| Exercise goal |
Write out again, exactly, the lines below starting at the one with "Michael Kors ryggsäck" and ending at the one with "用途別採用実績に「遮熱性ガラ".

#### Supplied data

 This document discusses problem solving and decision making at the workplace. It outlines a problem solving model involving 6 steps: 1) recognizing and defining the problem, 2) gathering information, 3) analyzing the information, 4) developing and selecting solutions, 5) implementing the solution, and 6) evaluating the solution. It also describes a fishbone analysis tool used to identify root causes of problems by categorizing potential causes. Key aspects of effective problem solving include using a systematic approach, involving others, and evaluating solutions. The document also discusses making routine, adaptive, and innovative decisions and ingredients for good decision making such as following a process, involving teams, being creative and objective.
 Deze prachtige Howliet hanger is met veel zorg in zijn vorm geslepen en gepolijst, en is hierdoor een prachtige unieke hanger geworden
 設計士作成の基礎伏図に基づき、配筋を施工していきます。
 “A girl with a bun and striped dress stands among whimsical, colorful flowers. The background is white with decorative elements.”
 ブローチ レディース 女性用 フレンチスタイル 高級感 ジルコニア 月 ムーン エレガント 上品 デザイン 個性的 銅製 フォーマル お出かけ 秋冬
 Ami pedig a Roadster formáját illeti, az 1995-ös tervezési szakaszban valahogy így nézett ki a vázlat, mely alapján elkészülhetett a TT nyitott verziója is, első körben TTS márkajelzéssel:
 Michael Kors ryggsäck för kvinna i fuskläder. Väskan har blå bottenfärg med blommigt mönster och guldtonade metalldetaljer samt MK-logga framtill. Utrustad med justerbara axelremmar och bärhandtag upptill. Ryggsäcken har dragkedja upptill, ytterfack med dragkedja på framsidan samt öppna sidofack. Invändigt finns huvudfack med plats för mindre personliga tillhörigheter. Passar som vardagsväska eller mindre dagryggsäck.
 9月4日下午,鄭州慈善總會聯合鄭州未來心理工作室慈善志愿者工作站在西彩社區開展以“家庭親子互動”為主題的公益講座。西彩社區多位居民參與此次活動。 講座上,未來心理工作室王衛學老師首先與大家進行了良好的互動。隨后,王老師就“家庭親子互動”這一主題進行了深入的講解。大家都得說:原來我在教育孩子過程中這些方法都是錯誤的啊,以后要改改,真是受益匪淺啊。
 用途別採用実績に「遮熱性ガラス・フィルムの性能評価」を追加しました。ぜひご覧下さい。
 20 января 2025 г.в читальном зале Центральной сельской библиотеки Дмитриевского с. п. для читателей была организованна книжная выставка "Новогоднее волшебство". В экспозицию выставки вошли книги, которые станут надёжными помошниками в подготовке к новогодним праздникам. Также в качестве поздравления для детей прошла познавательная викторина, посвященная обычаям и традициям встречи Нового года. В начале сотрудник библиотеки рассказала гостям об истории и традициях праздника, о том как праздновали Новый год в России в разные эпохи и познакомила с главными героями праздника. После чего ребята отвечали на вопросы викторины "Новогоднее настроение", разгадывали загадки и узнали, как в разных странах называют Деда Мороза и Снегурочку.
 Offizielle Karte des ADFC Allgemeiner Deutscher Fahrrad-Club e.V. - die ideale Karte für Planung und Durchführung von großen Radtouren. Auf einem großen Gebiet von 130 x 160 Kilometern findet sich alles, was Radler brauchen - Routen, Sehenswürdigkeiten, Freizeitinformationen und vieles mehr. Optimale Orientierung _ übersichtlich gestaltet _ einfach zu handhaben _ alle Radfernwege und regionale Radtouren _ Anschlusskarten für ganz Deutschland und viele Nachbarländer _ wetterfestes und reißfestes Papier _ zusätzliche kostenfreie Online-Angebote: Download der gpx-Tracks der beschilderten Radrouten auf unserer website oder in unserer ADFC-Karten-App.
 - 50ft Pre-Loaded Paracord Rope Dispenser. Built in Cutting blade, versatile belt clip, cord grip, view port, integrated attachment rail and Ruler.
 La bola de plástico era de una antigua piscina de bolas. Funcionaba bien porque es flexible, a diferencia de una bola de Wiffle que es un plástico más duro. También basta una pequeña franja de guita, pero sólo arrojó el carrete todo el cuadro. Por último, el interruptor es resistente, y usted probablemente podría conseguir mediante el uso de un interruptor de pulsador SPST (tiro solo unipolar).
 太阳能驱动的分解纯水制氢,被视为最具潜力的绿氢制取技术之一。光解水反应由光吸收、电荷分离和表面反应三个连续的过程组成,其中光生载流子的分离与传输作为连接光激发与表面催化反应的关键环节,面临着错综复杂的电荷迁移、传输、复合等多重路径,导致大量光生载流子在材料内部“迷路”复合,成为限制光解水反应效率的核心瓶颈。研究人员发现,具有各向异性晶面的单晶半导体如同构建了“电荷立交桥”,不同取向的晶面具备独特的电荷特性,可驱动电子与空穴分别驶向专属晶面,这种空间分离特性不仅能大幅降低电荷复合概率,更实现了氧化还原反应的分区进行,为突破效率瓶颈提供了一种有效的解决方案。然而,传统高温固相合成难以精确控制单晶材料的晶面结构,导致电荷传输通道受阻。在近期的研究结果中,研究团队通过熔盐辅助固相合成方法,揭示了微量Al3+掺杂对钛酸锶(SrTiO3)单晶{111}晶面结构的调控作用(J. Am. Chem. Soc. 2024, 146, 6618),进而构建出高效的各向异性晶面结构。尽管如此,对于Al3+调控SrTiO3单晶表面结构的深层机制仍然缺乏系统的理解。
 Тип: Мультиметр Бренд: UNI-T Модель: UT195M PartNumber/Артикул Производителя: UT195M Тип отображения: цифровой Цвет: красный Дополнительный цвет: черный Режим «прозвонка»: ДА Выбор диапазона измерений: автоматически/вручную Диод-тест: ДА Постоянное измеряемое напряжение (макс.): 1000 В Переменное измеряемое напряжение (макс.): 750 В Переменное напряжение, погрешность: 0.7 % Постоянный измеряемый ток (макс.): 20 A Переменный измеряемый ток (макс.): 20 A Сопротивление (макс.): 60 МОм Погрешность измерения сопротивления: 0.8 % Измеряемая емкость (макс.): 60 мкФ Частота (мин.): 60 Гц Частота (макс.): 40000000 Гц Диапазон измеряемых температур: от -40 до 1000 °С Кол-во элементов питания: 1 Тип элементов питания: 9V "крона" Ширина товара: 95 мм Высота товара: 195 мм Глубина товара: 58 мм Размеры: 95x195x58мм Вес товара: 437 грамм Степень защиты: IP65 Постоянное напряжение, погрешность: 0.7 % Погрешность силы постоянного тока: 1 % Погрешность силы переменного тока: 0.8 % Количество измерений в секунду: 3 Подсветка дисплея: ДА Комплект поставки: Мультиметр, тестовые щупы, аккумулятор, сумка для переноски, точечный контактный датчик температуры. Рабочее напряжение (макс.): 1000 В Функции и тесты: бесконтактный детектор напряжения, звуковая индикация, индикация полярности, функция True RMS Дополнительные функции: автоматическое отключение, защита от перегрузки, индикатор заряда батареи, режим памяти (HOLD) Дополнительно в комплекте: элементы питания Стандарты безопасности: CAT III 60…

########

| Task response |
 Michael Kors ryggsäck för kvinna i fuskläder. Väskan har blå bottenfärg med blommigt mönster och guldtonade metalldetaljer samt MK-logga framtill. Utrustad med justerbara axelremmar och bärhandtag upptill. Ryggsäcken har dragkedja upptill, ytterfack med dragkedja på framsidan samt öppna sidofack. Invändigt finns huvudfack med plats för mindre personliga tillhörigheter. Passar som vardagsväska eller mindre dagryggsäck.
 9月4日下午,鄭州慈善總會聯合鄭州未來心理工作室慈善志愿者工作站在西彩社區開展以“家庭親子互動”為主題的公益講座。西彩社區多位居民參與此次活動。 講座上,未來心理工作室王衛學老師首先與大家進行了良好的互動。隨后,王老師就“家庭親子互動”這一主題進行了深入的講解。大家都得說:原來我在教育孩子過程中這些方法都是錯誤的啊,以后要改改,真是受益匪淺啊。
 用途別採用実績に「遮熱性ガラス・フィルムの性能評価」を追加しました。ぜひご覧下さい。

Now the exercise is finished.